When it comes to NASA and its various spacecraft, failure to launch is not a good thing. Whether it's due to human, mechanical or natural reasons, the inability to get their craft off the pad can cause considerable headaches over lost time, money and work.
Unlike the space agency with its limited time windows, however, parents have plenty of opportunities to get their kids out of the house. Yet, for any number of reasons -- some legit, most just excuses -- a growing number of adults still live with their parents, much to the latter group's dismay.
For 35-year-old Trip, the reasons are simple. For starters, he has no rent or mortgage, but does have a maid in the form of his mom. But the main reason he still lives at home is to scare away any girlfriends who become too serious for his bachelor comfort level. As a result, his parents have hired a familial exterminator of sorts who will help the homebound Casanova finally leave the nest.
Thus is the gist of "Failure to Launch," a romantic comedy that pretty much lives up to its title. For those of us who've watched attempted lift-offs of other such genre works, however, the failure here isn't that surprising, although it's still disappointing. Working from an architectural, narrative blueprint by scribes Tom J. Astle and Matt Ember, director Tom Dey ("Showtime," "Shanghai Noon") has constructed this rom-com with many of the similar design flaws that have grounded other such vehicles or caused fiery and expensive crashes during their attempted cinematic flights.
There's the usual array of colorful roommates and/or friends, the various montages, and a flight plan that's pretty much the same course as previous trajectories. And the one such vessel this one closely resembles is "How to Lose a Guy in 10 Days." That's not only due to it having the exact same pilot -- the charming and strikingly handsome Matthew McConaughey (who seems to have replaced Hugh Grant as the go-to guy for these sorts of films) -- but also because it's plot is rather similar.
In the earlier film, the characters played by McConaughey and Kate Hudson had ulterior motives for getting into a relationship with each other, only to end up falling in love. Here, there's only half of the deception as Sarah Jessica Parker -- now making another run on the big screen after being done with HBO's "Sex and the City" -- plays the familial pest exterminator who poses as the new girlfriend. Not surprisingly, she ends up attracted to her target. They fall in love, break up, and yada-yada-yada.
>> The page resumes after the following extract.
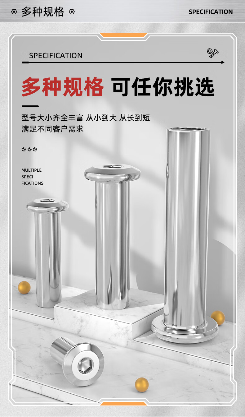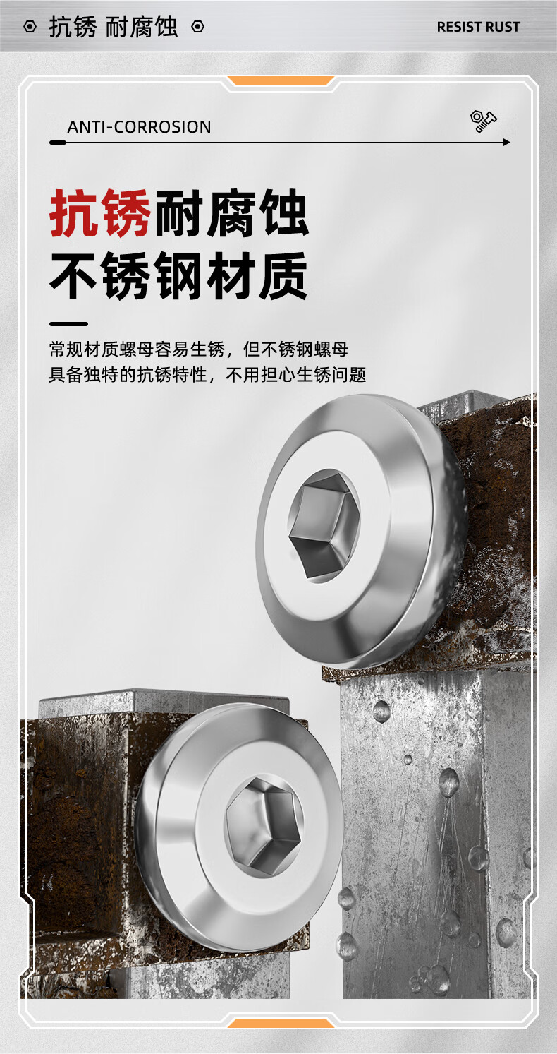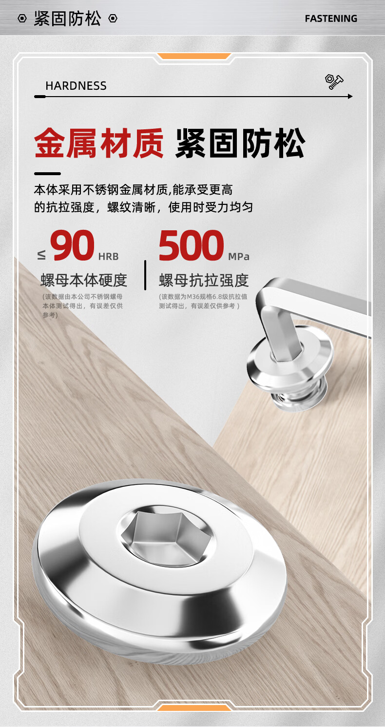 天卓五金304不锈钢英制美制平头倒边家具内六角对锁螺母对接夹板螺帽UNC 3/16-24*5/16(10个)

Fans of the rom-com formula might like it, but neither the cast nor crew manage to do anything original or interesting with the tired material. That said, beyond the usual number of montages -- including a paintball one that goes on far too long and is obviously nothing more than filler -- Dey does include a number of "when animals go bad" scenes where McConaughey's character is on the wrong end of encounters with a dolphin, chipmunk and lizard (while an unrelated subplot deals with attempts to get rid of a noisy mockingbird). The point is that until he's true to himself and others (and leaves the nest as has occurred by his predecessors throughout the ages), he'll always be at odds with nature. Yet, this running gag does nothing for the film.
Nor does the presence of Kathy Bates and Terry Bradshaw as his afflicted parents. The roles are so blandly constructed that it wouldn't have made any difference who played them. And in that case, we wouldn't have had to see the repeated views of Bradshaw's bare tush (or that of his "stunt" butt double). That's supposed to be funny, but I can only imagine that since Bates did her nude scene in "About Schmidt," someone thought it would be hilarious for Bradshaw to do the same. It's not.
Justin Bartha and Bradley Cooper play the male friends and easily could have been lifted from any other rom-com or even a sitcom. Zooey Deschanel is the most interesting character, although that's by default only and she's doing that deadpan sarcastic thing she can probably now do in her sleep. As far as the leads, their star power can only carry them so far. McConaughey is his usual, easy-going and charming self, but Parker is pretty much limited to lots of reactionary squeals (as if standing on a kitchen chair in heels with mice scurrying about below her), making me wish I kept a running count of them.
Their chemistry together is passable but hardly red-hot, yet like the rest of the film, it never achieves any great heights. Sporting the sort of name critics love (as it makes caustic review taglines far too easy to concoct), "Failure to Launch" lives up to its title.